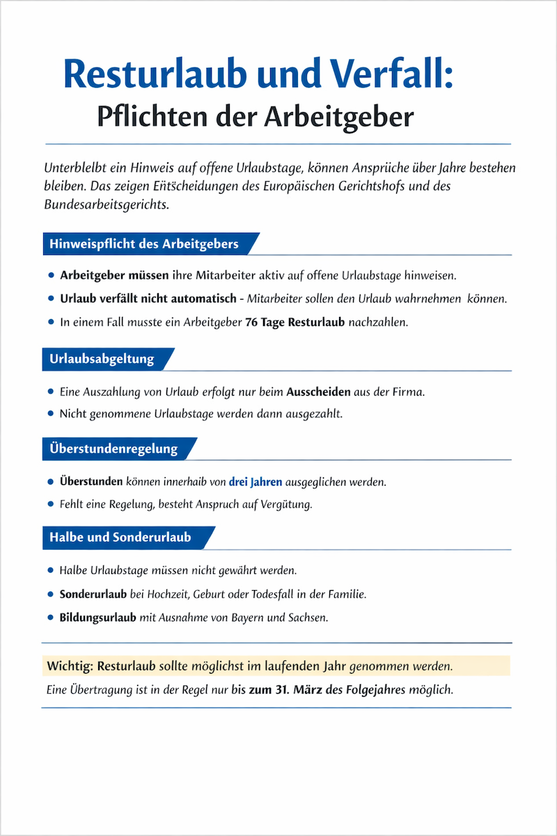 Resturlaub und Verfall: Pflichten der Arbeitgeber
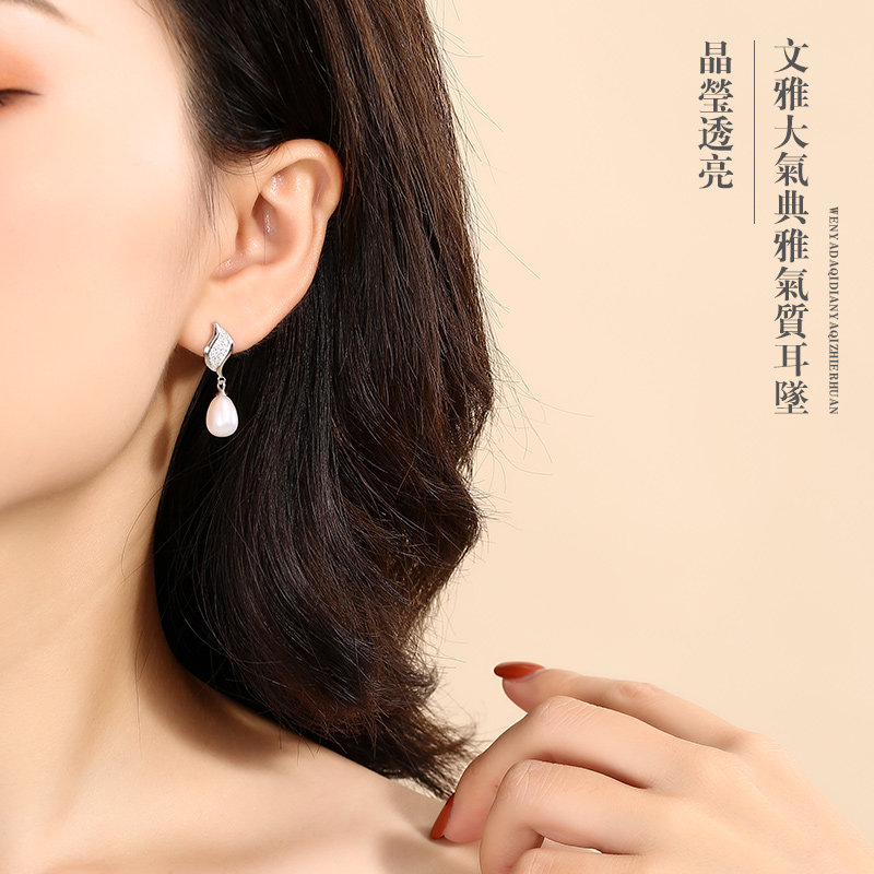 Sterling silver pearl earrings women's 2019 new fashion earrings high-end French drop earrings net red temperament earrings send girlfriend
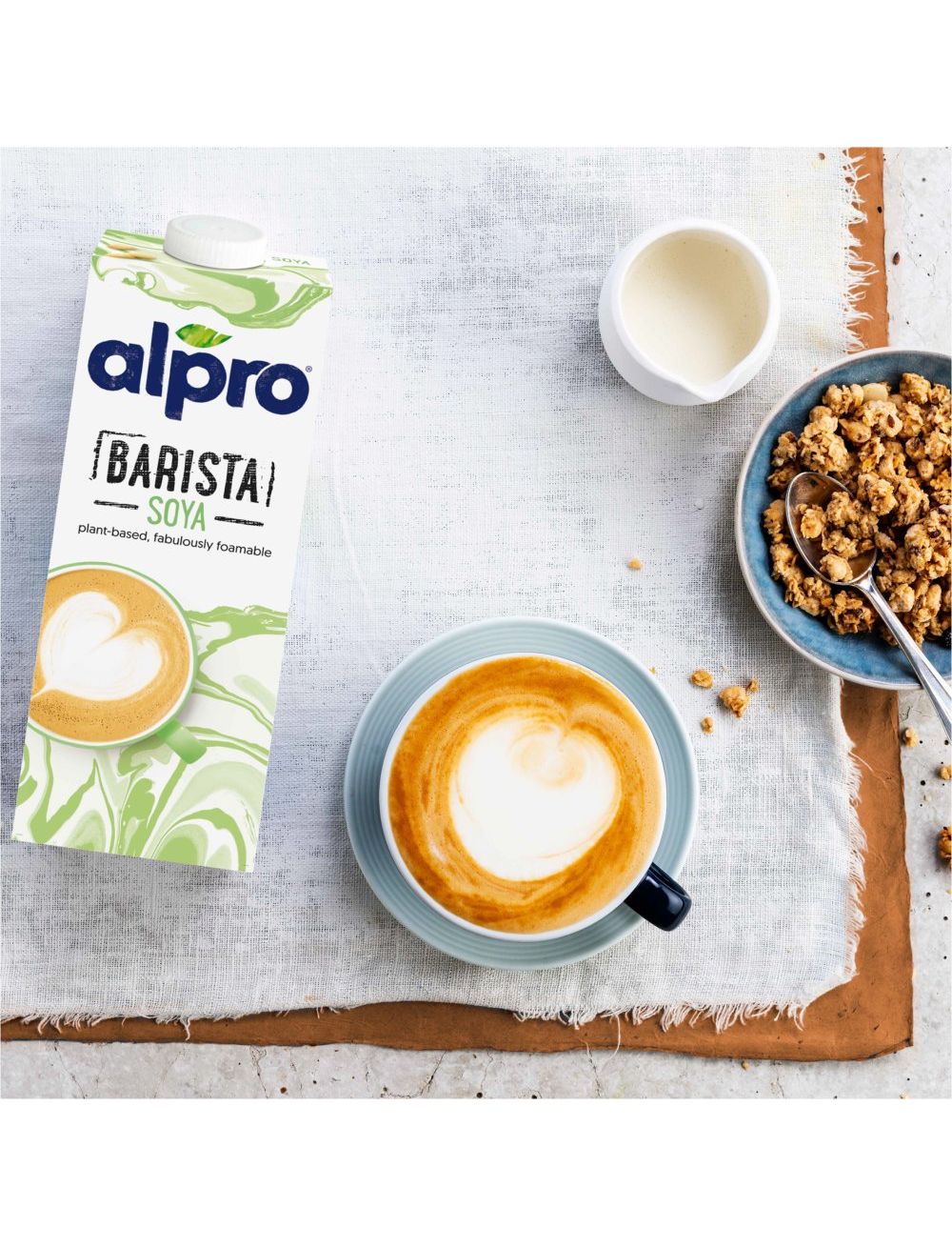 Склад: соєва основа (вода, лущені соєві боби (8,7%)), екстракт яблука, регулятори кислотності (фосфати калію), кальцій (карбонат кальцію), морська сіль, стабілізатор (гелланова камедь), вітаміни (В2, В12, D2).
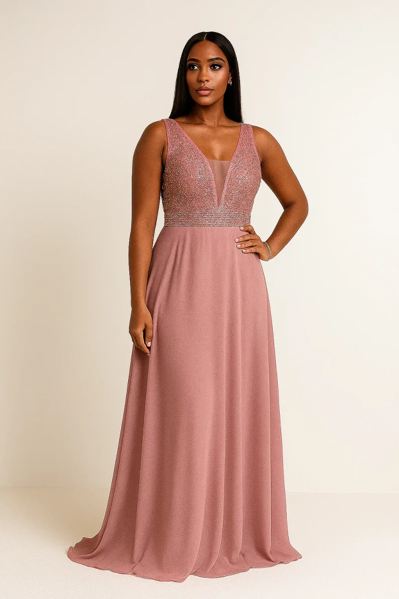Brillez avec cette somptueuse robe de soirée longue mauve, idéale pour vos mariages, galas, fiançailles ou grandes occasions. Son haut pailleté travaillé avec des détails scintillants apporte une touche glamour, tandis que son décolleté en V avec tulle discret sublime le buste avec élégance.
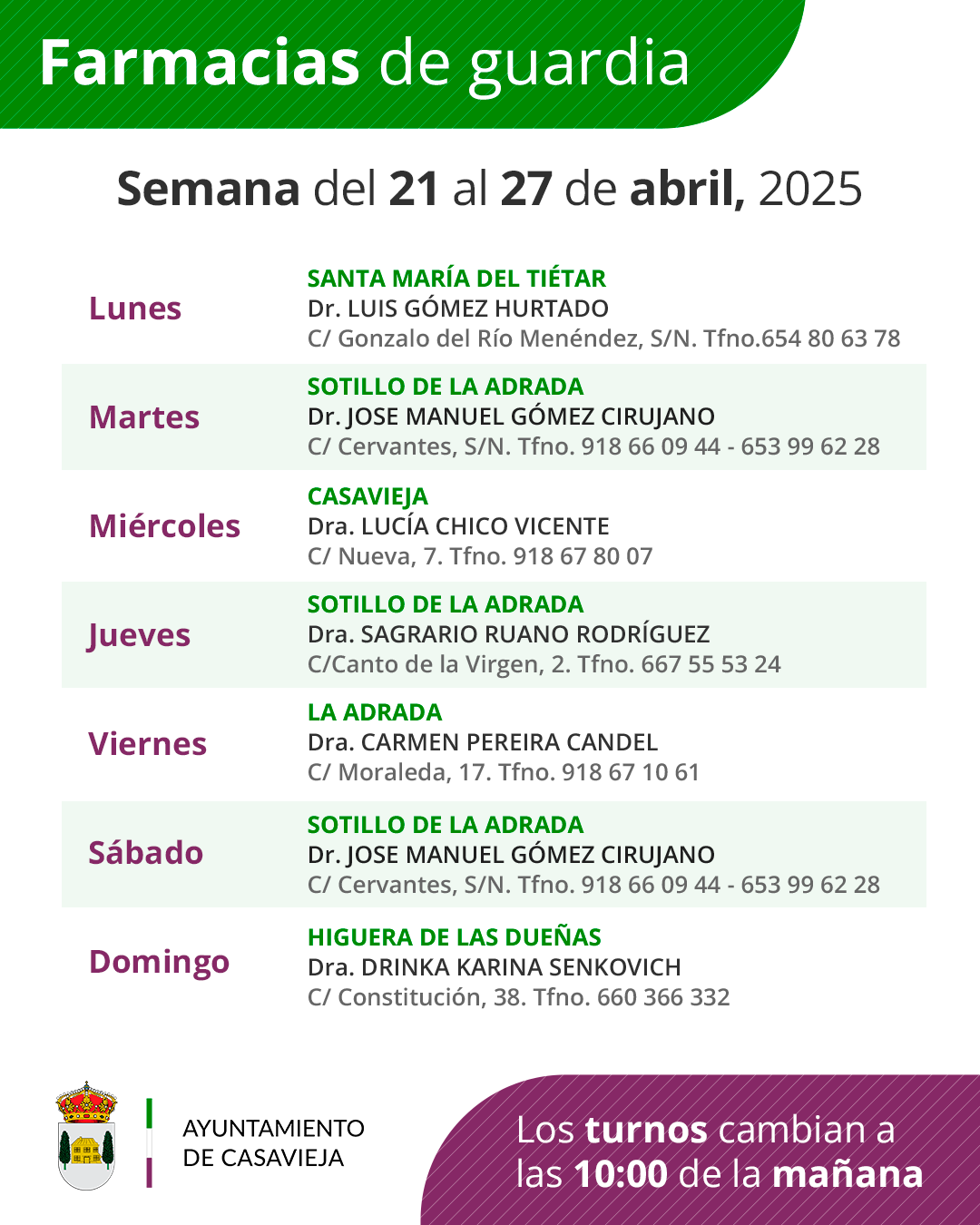En esta página podrás consultar las farmacias de guardia en la Zona de Casavieja / Sotillo de la Adrada
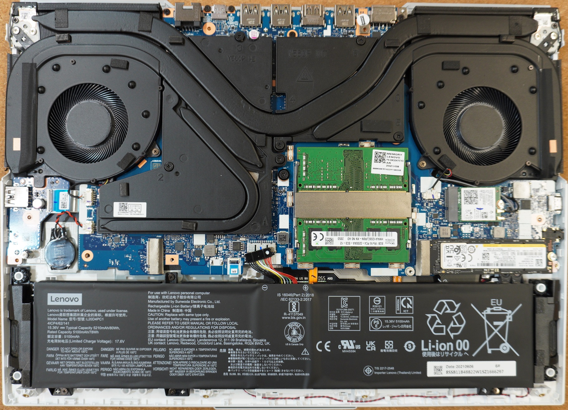 대부분의 게이밍 노트북이 CPU에 45~65W, GPU에 80~130W 정도 유지할 수 있다는 점을 감안하면 리전5i 프로는 이 평균치를 상회합니다. 성능 잘 뽑아내기로 유명한 MSI의 GP76 모델이 CPU에 최대 75W, GPU에 최대 140W 공급 가능한 설계였으니 리전5i 프로도 총 쿨링 용적은 비슷하다고 볼 수 있겠죠. (리전5i 프로는 CPU 85W + GPU 130W)

## Problem description
Leave out the pictures, and retype exactly the lines from the one containing "En esta página" through the final line of the data.

## Answer area
En esta página podrás consultar las farmacias de guardia en la Zona de Casavieja / Sotillo de la Adrada
 대부분의 게이밍 노트북이 CPU에 45~65W, GPU에 80~130W 정도 유지할 수 있다는 점을 감안하면 리전5i 프로는 이 평균치를 상회합니다. 성능 잘 뽑아내기로 유명한 MSI의 GP76 모델이 CPU에 최대 75W, GPU에 최대 140W 공급 가능한 설계였으니 리전5i 프로도 총 쿨링 용적은 비슷하다고 볼 수 있겠죠. (리전5i 프로는 CPU 85W + GPU 130W)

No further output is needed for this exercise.